Yes, I do have a stat. I like to keep my crestie at about 24c day time, she seems to eat better at this temp but the temp is rather erratic, just like yours.


----------



## Artisan (Mar 27, 2011)

What stat are you using? I have my crestie on a habistat pulse....dont get a fluctuation at all going from 30c at top and lower as it goes down the gradient.


----------



## _simon_ (Nov 27, 2007)

I'm not sure why the wire holders are recommended, you lose so much heat that way. I just use a big dome lamp. I've got a 250w ceramic sat in one. Never had an issue doing this over the years of using them. Perhaps if it was running at full power all the time it might cause an overheating issue but unless the room was an icebox I don't see why it would need to.


----------



## Artisan (Mar 27, 2011)

I also use a dome lamp rested ontop of the exo mesh. 75w ceramic .


----------



## GarethsGeckos (Oct 13, 2013)

I also use a dome on top of the mesh. Can I ask where the probe is placed in the tank as that could be a cause for the temps to fluctuate. Oh and as Artisan said 30C at the top would be a great temp.


----------



## firefly19 (Apr 18, 2013)

GarethsGeckos said:


> I also use a dome on top of the mesh. Can I ask where the probe is placed in the tank as that could be a cause for the temps to fluctuate. Oh and as Artisan said 30C at the top would be a great temp.
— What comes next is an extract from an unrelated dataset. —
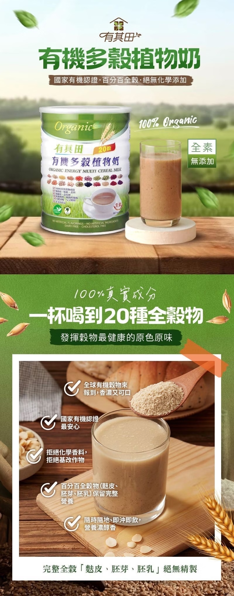 多穀奶:1.熱飲)將30g有其田多穀植物奶加入180~200c.c.的熱開水攪拌均勻,即可享用100%濃、純、無添加的有 機植物奶。
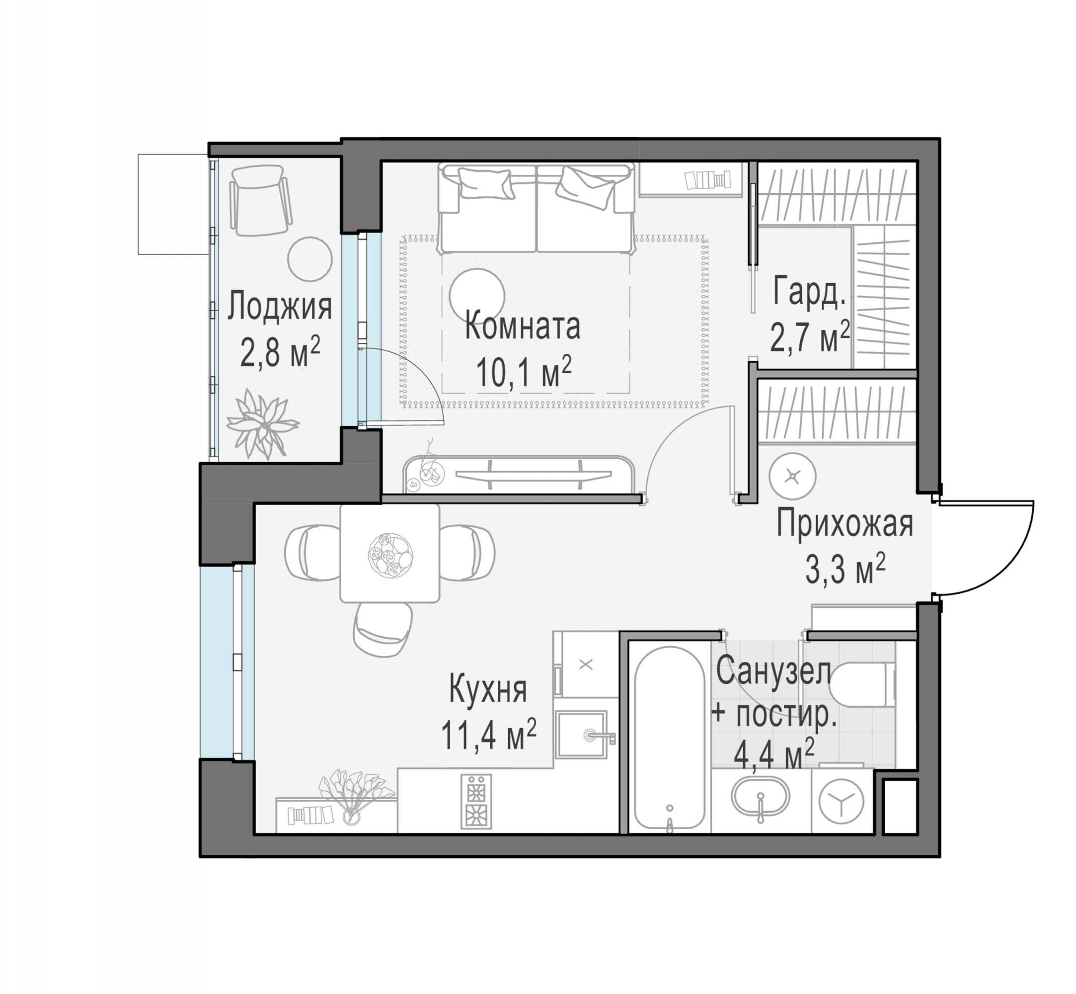 Представленные планировочные решения носят иллюстративный характер. Застройщик передаёт объект с планировкой, указанной в договоре участия в долевом строительстве. Любая перепланировка должна соответствовать требованиям государственных органов.

The probe is at the top of the viv. I'm thinking it's a case of the room where my crestie is, isn't warm enough. I'll be moving her tomorrow (Saturday)


----------



## firefly19 (Apr 18, 2013)

Artisan said:


> I also use a dome lamp rested ontop of the exo mesh. 75w ceramic .


 I'm using a 100w ceramic. I have a spare dome lamp and I am going to try that instead of the wire lamp. Is your ceramic an Exo Terra one?


----------



## GarethsGeckos (Oct 13, 2013)

I put my probes about 1/3 from the top you will find less fluxuation but check temps at the top but it should stop the temps bouncing.


----------



## firefly19 (Apr 18, 2013)

GarethsGeckos said:


> I put my probes about 1/3 from the top you will find less fluxuation but check temps at the top but it should stop the temps bouncing.


Thanks for the tip, I've done as you suggested and placed my probe about 1/3 from the top and it seems to be working just fine now :2thumb:


----------